Was folgte, war ein ganz klassischer „finnischer Skandal“, der eigentlich gar kein Skandal ist, aber weil die finnische Politik so angespannt und leicht langweilig ist, muss man schon mal kreativ werden, um mal etwas aufzumischen.
Gleichzeitig weist es auf die sehr hohen moralischen Standards hin, die an Politiker angelegt werden und die von ihnen erwartet werden. Daher ist die Schwelle für finnische Politiker, wegen scheinbar eher unbedeutender Vorfälle anderswo zurückzutreten, sehr niedrig.
Beispielsweise wurde der damalige Außenminister Ilkka Kanerva 2008 wegen eines SMS-Skandals entlassen: Er schrieb einer umstrittenen weiblichen Berühmtheit eine SMS. Sanna Marin selbst wurde Premierministerin, nachdem ihr Vorgänger Antti Rinne nach einem Skandal im Zusammenhang mit einem Poststreik zurückgetreten war.
Marin und ihre von Frauen geführte Regierung stehen seit ihrem Amtsantritt im Dezember 2019 im Mittelpunkt ungewöhnlicher internationaler Aufmerksamkeit. Eine Studie des NATO-Exzellenzzentrums für strategische Kommunikation aus dem Jahr 2021 ergab, dass weibliche Minister der Regierung Marin überproportional viele beleidigende Nachrichten erhalten. und Marin selbst war oft Gegenstand häuslicher „Skandale“, wie das Posten bestimmter Selfies auf Instagram oder andere Partyvorfälle, die ihr in der Presse den Spitznamen „Party-Sanna“ einbrachten.
Einige von Sannas denkwürdigsten „Skandalen“ waren „Breakfastgate“ über ihre Frühstückskosten oder die Kontroverse über die Enthüllung, dass sie gerne selbst die offizielle Wohnung putzt.
sexistische Kritik
Viele der ziemlich absurden nationalen Kontroversen riechen nach Frauenfeindlichkeit, da Marin Finnland konsequent durch mehrere außergewöhnlich schwierige Situationen geführt hat, angefangen mit der Pandemie und jetzt dem NATO-Mitgliedschaftsprozess. Es ist viel zu verstehen, dass eine fähige Premierministerin eine 36-jährige Frau sein kann, Mutter eines kleinen Kindes, die es trotz eines der härtesten Jobs im Land schafft, auch ein soziales Leben zu führen, auf Festivals zu gehen, und sogar die gelegentliche Party.
Normalerweise machen nationale „Skandale“ keine internationalen Schlagzeilen. Was diesmal anders war, war der Vorwurf, sie könnte Drogen genommen haben.
Es basierte auf einem Satz in dem durchgesickerten Partyvideo, der als „jauhojengi“ („Mehlbande“) fehlinterpretiert und für Drogen gehalten wurde. Tatsächlich scheinen Marin und seine Freunde den Text eines finnischen Popsongs zu singen, in dem „jallu“, ein finnisches alkoholisches Getränk, erwähnt wird. In Finnland würde sowieso niemand Drogen „Mehl“ nennen, was das Ganze noch dümmer macht.
Fehlinformationen verbreiten sich schnell
Trotzdem griffen ihn die internationalen Medien in beispielloser Weise auf. In einer Artikelserie mit unbestätigten Fakten behaupteten ausländische Medien sogar, dass im Hintergrund das Wort „Kokain“ geschrien wurde.

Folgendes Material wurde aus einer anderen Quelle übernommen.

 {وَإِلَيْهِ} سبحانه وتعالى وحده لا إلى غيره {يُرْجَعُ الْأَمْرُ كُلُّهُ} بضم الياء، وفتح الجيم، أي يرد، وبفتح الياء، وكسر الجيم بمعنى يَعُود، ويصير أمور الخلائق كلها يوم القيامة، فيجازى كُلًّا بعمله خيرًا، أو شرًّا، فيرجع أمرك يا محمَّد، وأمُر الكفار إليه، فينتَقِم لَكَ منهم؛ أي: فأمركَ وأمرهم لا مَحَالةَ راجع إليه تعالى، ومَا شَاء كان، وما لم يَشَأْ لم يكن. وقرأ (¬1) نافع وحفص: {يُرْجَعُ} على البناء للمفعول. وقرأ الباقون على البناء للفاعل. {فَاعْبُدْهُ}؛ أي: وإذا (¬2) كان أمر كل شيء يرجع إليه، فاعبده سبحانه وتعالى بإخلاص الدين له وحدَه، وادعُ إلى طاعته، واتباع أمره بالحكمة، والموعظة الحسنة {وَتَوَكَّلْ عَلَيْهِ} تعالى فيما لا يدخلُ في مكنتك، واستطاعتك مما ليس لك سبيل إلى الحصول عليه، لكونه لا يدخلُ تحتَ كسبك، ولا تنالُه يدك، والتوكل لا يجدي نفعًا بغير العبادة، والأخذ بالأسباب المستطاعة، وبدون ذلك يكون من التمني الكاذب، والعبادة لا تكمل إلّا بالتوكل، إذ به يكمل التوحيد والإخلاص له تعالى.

Nachdem ein Randmitglied einer der Koalitionsparteien vorgeschlagen hatte, sie solle sich einem Drogentest unterziehen, sagte Marin am Freitag gegenüber Reportern, sie habe dies getan, um Missverständnisse über ihr Verhalten auszuräumen – obwohl die Beweislast nicht bei den Angeklagten liegen sollte.

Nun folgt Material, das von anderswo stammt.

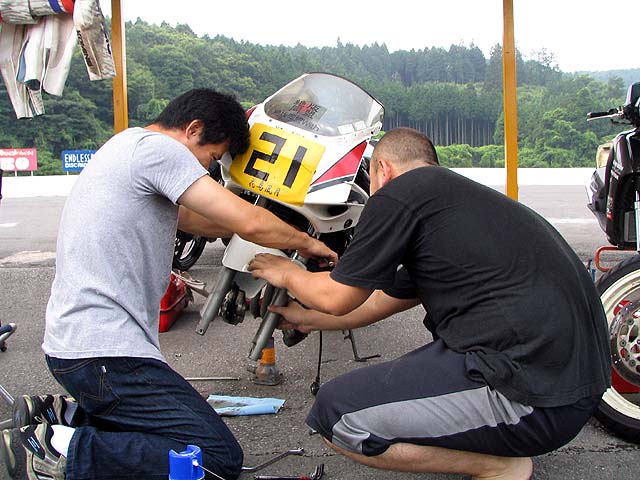マコプリオ夫妻と合流。まずは不動のFZR250マコプリ号を修理する。

Während Marin auch starke Botschaften internationaler Unterstützung erhalten hat, zeigt der Fall, wie leicht sich Fehlinformationen wie ein Lauffeuer verbreiten können. Es braucht so wenig, um Schaden anzurichten, aber so viel Arbeit, um den Rekord richtig zu stellen.
Es ist immer die Last eines Vorreiters, der Marin in vielerlei Hinsicht ist, das Image einer Institution zu reformieren, wie und wer ein Premierminister sein kann. Dies wird nicht der letzte sehr finnische Skandal sein, in den der Premierminister verwickelt ist, und vielleicht ist das auch gut so.

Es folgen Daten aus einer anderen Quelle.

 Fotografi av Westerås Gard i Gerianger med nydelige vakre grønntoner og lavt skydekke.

Minna Alander ist eine finnische Analystin für Außen- und Sicherheitspolitik. Sie arbeitete am German Institute of International Affairs (SWP) in Berlin und kehrt demnächst als wissenschaftliche Mitarbeiterin am Finnish Institute of International Affairs in ihre Heimat Finnland zurück.